*Work item*: Below are records that hold pictures; write out only the lines from their start through the line with "Later the family", exactly, and drop the pictures.

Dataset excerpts
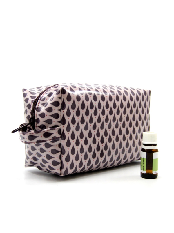 la trousse Nora en toile cirée avec une poignée pour plus de confort.
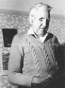Later the family moved to Northrepps and Walter continued playing, often in the Foundry Arms, through the 1940s. Following an injury when kicked in the face by a horse, Walter lost sight in one eye and was also partially deaf, but it didn’t spoil his enthusiasm for playing music. He was never keen to teach any of his children to play, although his son Jimmy would often accompany him on the bones. He and Jimmy travelled to pubs such as the Vernon Arms in Southrepps and the Albion in Cromer, where there was always stepdancing, music and singing. Walter sang comic songs in the pubs, but never played for dancing in village halls, considering that to be the preserve of bigger bands. Several recordings were made in these areas in the 1950s, and in 1958 Russell Wortley recorded Walter’s playing several stepdance tunes and some song tunes.
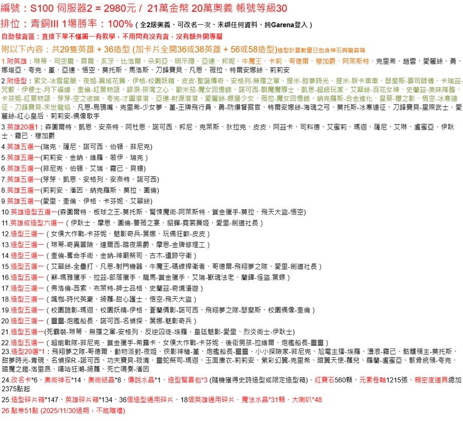 附以下內容:共29隻英雄 + 36造型 (加卡片全開36或38英雄 + 56或58造型)造型計算數量已包含神石與驚喜箱
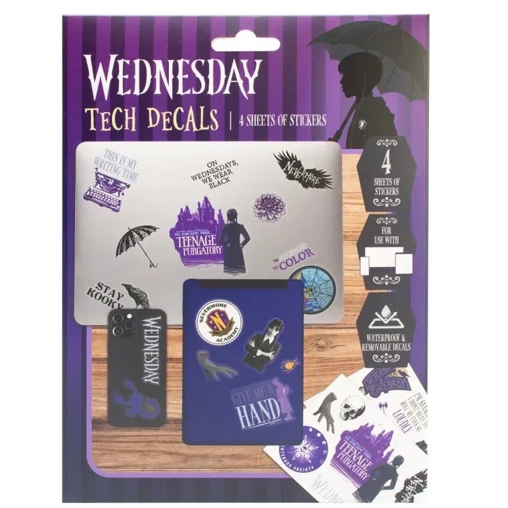 S těmito originálními samolepkami z populárního seriálu Wednesday od Netflixu si můžeš vytunit si svůj notebook, smartphone nebo tablet.
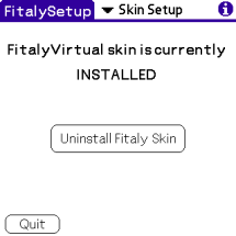 The Skin Setup panel of FVSetup is used to install the Fitaly skin over the virtual Graffiti area. Once installed, the panel appears as shown on the left, displaying the Uninstall button..
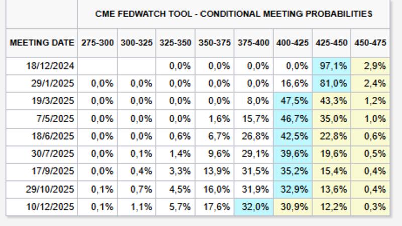 Actualmente, la probabilidad de ver un recorte de 25 puntos básicos para la reunión del 18 de diciembre es del 97%, contra un 3% de que la Fed no aplique ningún recorte.
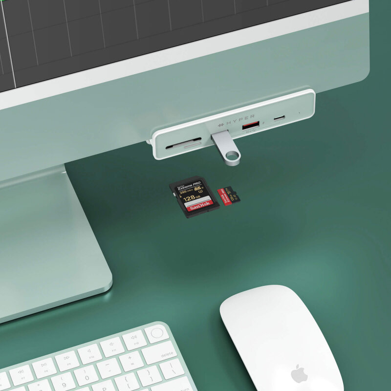 Многопортовый адаптер HYPER с кабель-коннектором USB-C для iMac 24 дюйма (2021) (Белый / White)
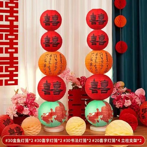 2025蛇年新款纸灯笼挂饰大红福字过年场景布置国庆春节装饰品宫灯
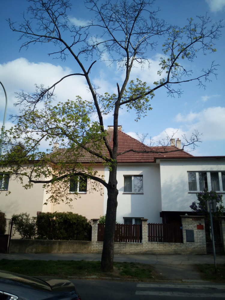 Tři velké, uschlé, nalomené větve v koruně stromu- při silnějším větru hrozí odlomení a pád na chodník.
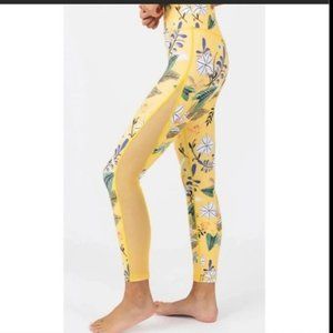 Zyia Yellow Floral reflective light n tight leggings 4 7/8 24" high rise
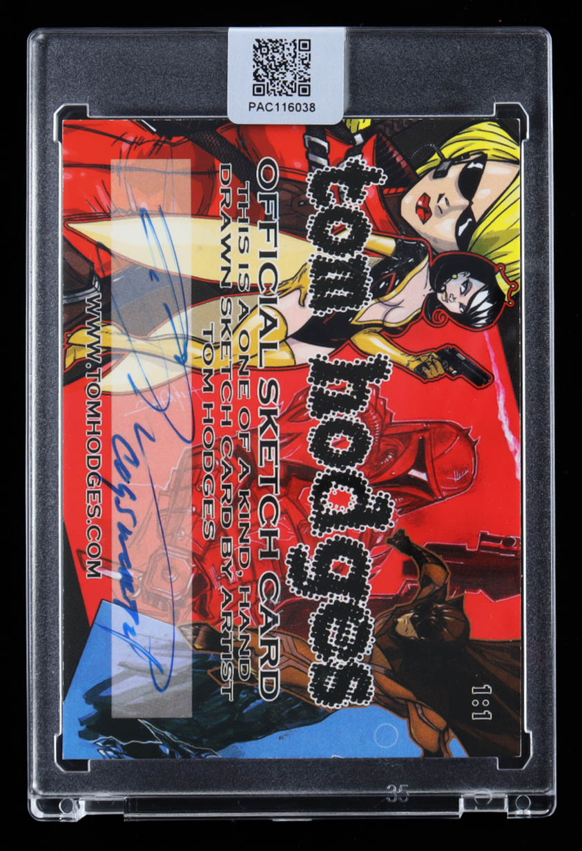 This original sketch card includes original art by renowned comic book artist, Tom Hodges. Also includes a character name inscription on the back by the artist.
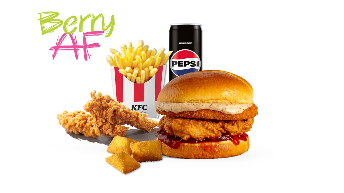 Με ένα Extra AF Berry Burger (ζουμερό φιλέτο κοτόπουλο με potato bun, cream cheese patty, μαρούλι iceberg, truffle sauce και καραμελωμένα κρεμμύδια), 2 Crispy Strips , 3 Cheese Pillows πατάτες, αναψυκτικό 0.33 l!
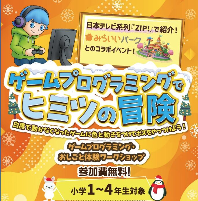 1/31(土)、川西市商工会館で「ゲームプログラミングでヒミツの冒険」が開催されるみたい。
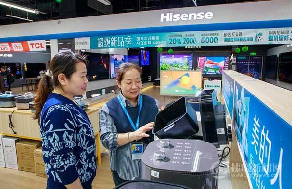 4月7日,在宿城東昌路一超市內(nèi),導購員為顧客推介商品,介紹“以舊換新”相關(guān)補貼政策。隨著我市“以舊換新”政策深入推進,多家大型超市聯(lián)合家電、家居品牌,推出“以舊換新”促銷活動,吸引眾多市民前來選購。據(jù)了解,一季度,全市共發(fā)放消費券1050萬元,核銷980萬元,涵蓋汽車、家電、家裝廚衛(wèi)、數(shù)碼產(chǎn)品、電動自行車等多領(lǐng)域。記者 蔣幫煜 攝
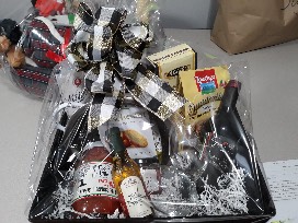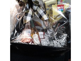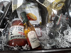 A scrumptious assortment of kitchen essentials, snacks and Italian food favorites complemented by wine and a pair of wine glasses! Packaged in a woven fabric and wire basket.
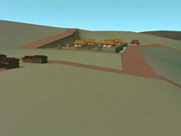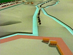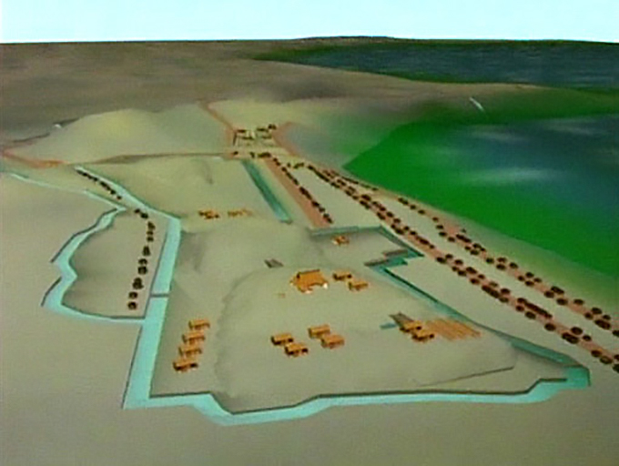 CGで再現した江戸崎城と江戸崎の街並み。現在の江戸崎の街並みの原型が既に構築されている。
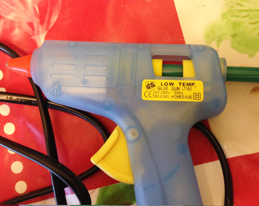 Am luat ace simple cu gamalie, un pistol de lipit la temperatura joasa si un baton de lipici verde
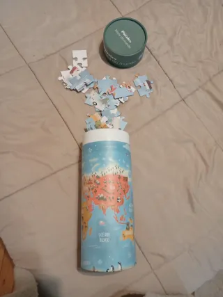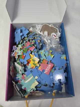 Puzzle de un mapa del mundo, ideal para aprender geografía de forma divertida. El puzzle está sin usar y en perfecto estado. - Diseño colorido del mapa del mundo. - Incluye piezas para armar el puzzle.
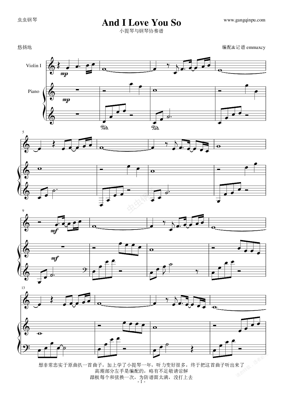 钢琴谱:And I Love You So-小提琴和钢琴协奏总谱
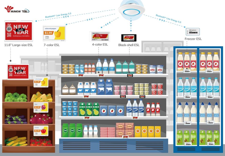 MinewTag nouveau Kit de démonstration ESL BLE 5.0 étiquette d'étagère électronique étiquette de prix intelligente colorée système de passerelle d'étiquettes Eink synchronisation API POS ERP MES
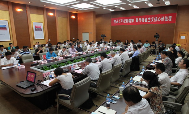 时值校训“勤朴忠实”提出100周年之际,2014年9月28日,“传承百年校训精神,践行核心价值观”座谈会在上海海洋大学顺利召开。座谈会结合纪念孔子诞辰2565周年与百年校训提出100周年,围绕培育和践行社会主义核心价值观、继承和弘扬中国传统文化、挖掘和传承校训精神,以“讲认识、讲故事、践行动、讲梦想”的形式,立足如何“落细、落小、落实”核心价值观,邀请各界代表进行座谈,同时启动系列主题教育活动。教育部思政司副巡视员俞亚东,上海市委宣传部副部长、市精神文明办公室主任燕爽,市教卫工作党委副书记、市教委副主任高德毅,中央马克思主义理论研究和建设工程首席专家、清华大学高校德育研究中心副主任吴潜涛教授及校领导吴嘉敏、汪歙萍、黄硕琳、封金章、吴建农与师生代表百余人出席会议。文汇报、新民晚报、新华社、光明日报、上海电视台、上海教育电视台、上海人民广播电台、东方早报等十余家媒体记者到会报道。座谈会由校党委副书记汪歙萍主持。
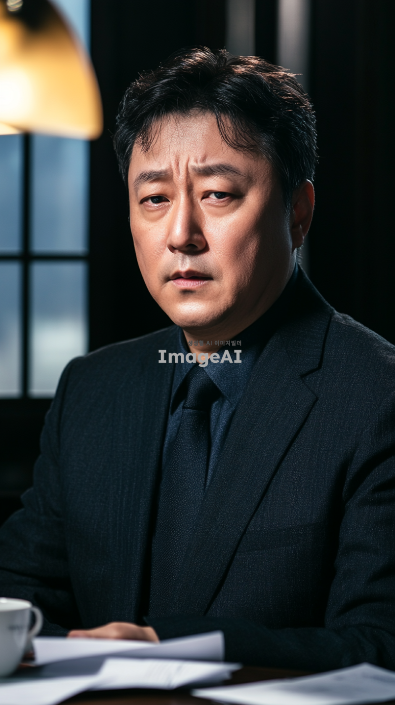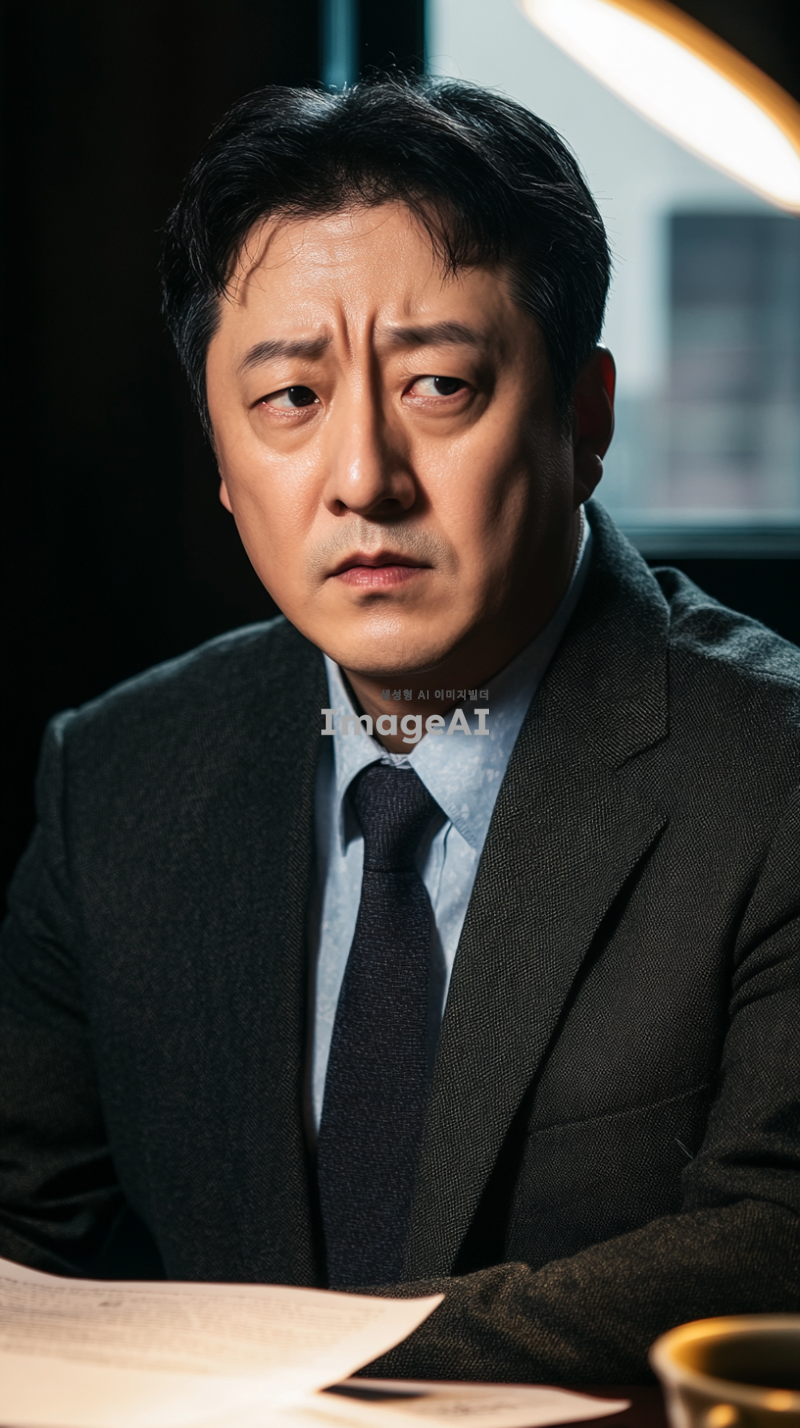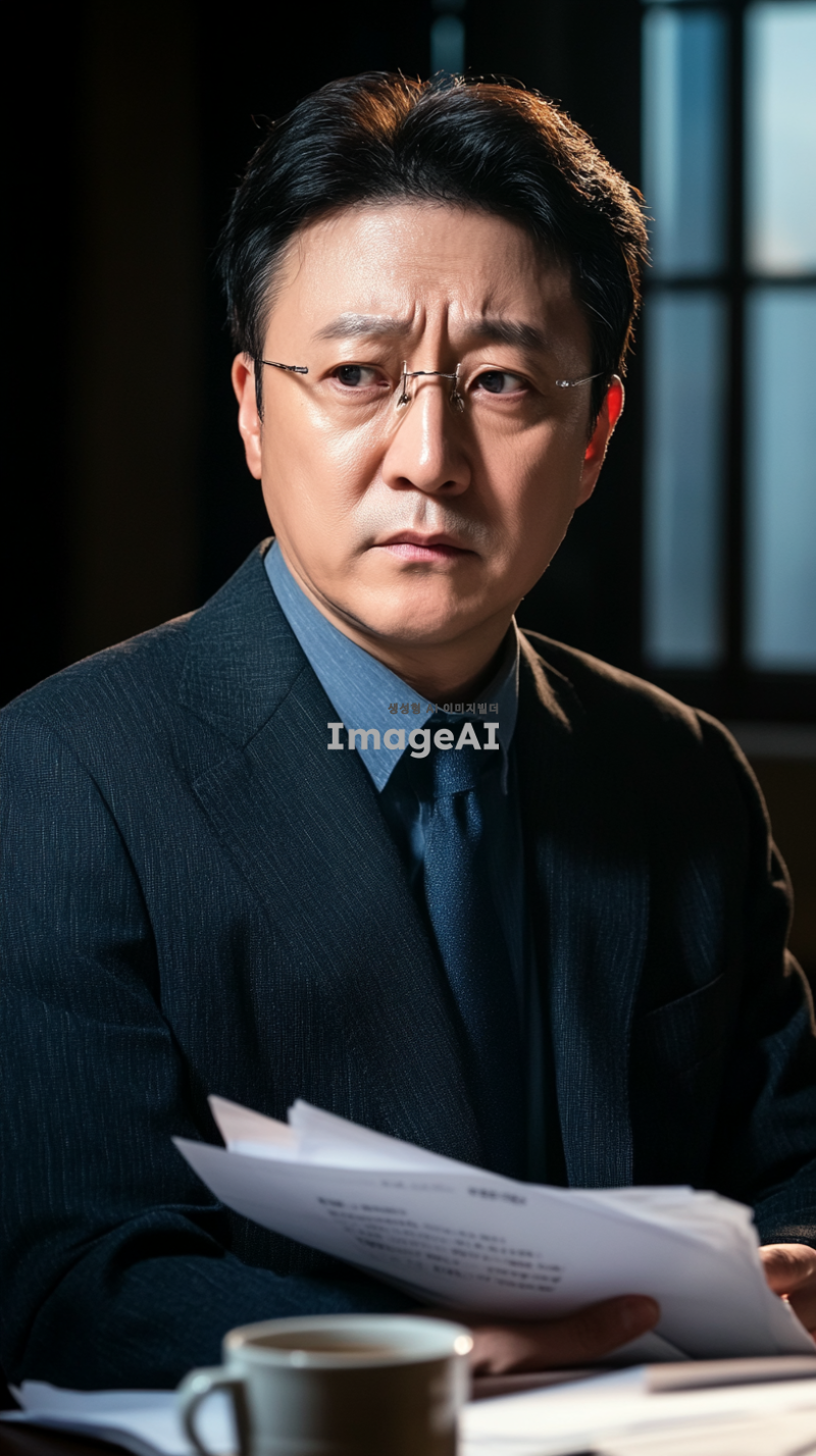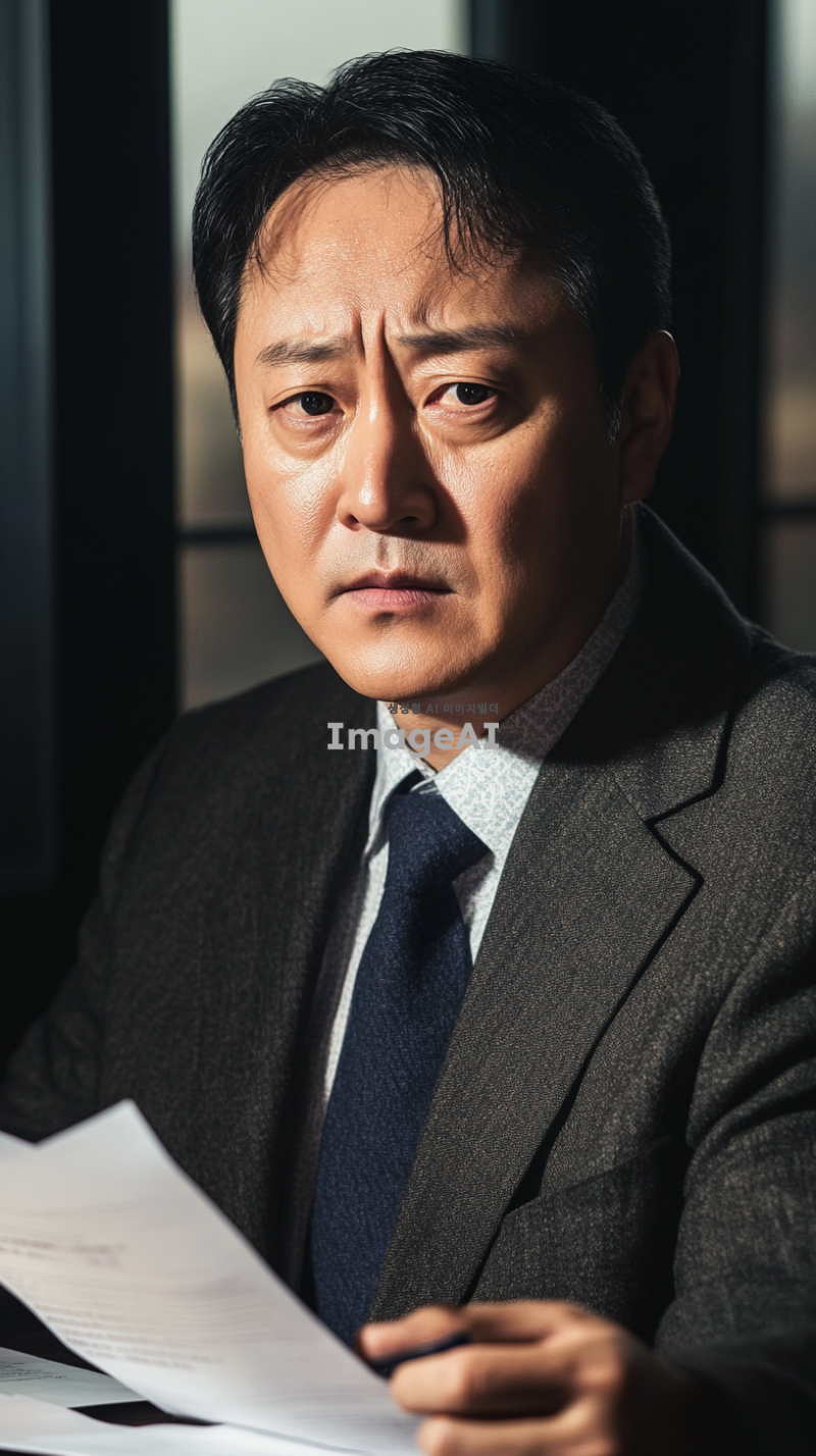 고소장을 받고 고민에 빠진 한국 남성의 모습, 중년의 남자가 어두운 방에서 고소장을 바라보며 깊은 생각에 잠겨 있는 장면, 그의 표정은 걱정과 불안이 섞여 있고, 주변에는 서류와 커피잔이 흩어져 있는 모습, 조명이 어두워서 분위기가 긴장감이 감도는 느낌, 현실적인 스타일로 표현.

*Exercise output*:
 la trousse Nora en toile cirée avec une poignée pour plus de confort.
Later the family moved to Northrepps and Walter continued playing, often in the Foundry Arms, through the 1940s. Following an injury when kicked in the face by a horse, Walter lost sight in one eye and was also partially deaf, but it didn’t spoil his enthusiasm for playing music. He was never keen to teach any of his children to play, although his son Jimmy would often accompany him on the bones. He and Jimmy travelled to pubs such as the Vernon Arms in Southrepps and the Albion in Cromer, where there was always stepdancing, music and singing. Walter sang comic songs in the pubs, but never played for dancing in village halls, considering that to be the preserve of bigger bands. Several recordings were made in these areas in the 1950s, and in 1958 Russell Wortley recorded Walter’s playing several stepdance tunes and some song tunes.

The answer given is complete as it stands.